What you have to do ->
Looking at the listing beneath, work out how many lines hold "portuària" and report only that figure.
##### Recorded information
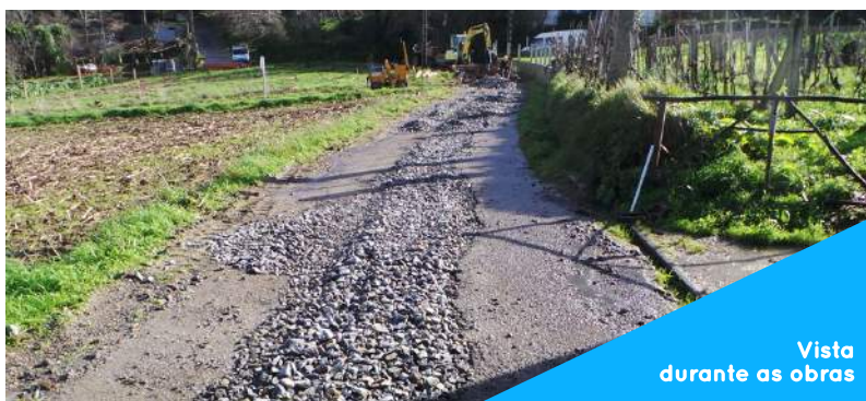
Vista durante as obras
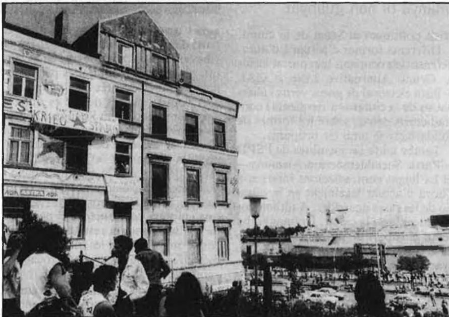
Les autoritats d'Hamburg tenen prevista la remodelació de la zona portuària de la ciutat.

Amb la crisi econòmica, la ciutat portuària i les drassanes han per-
##########
Exercise solution ->
2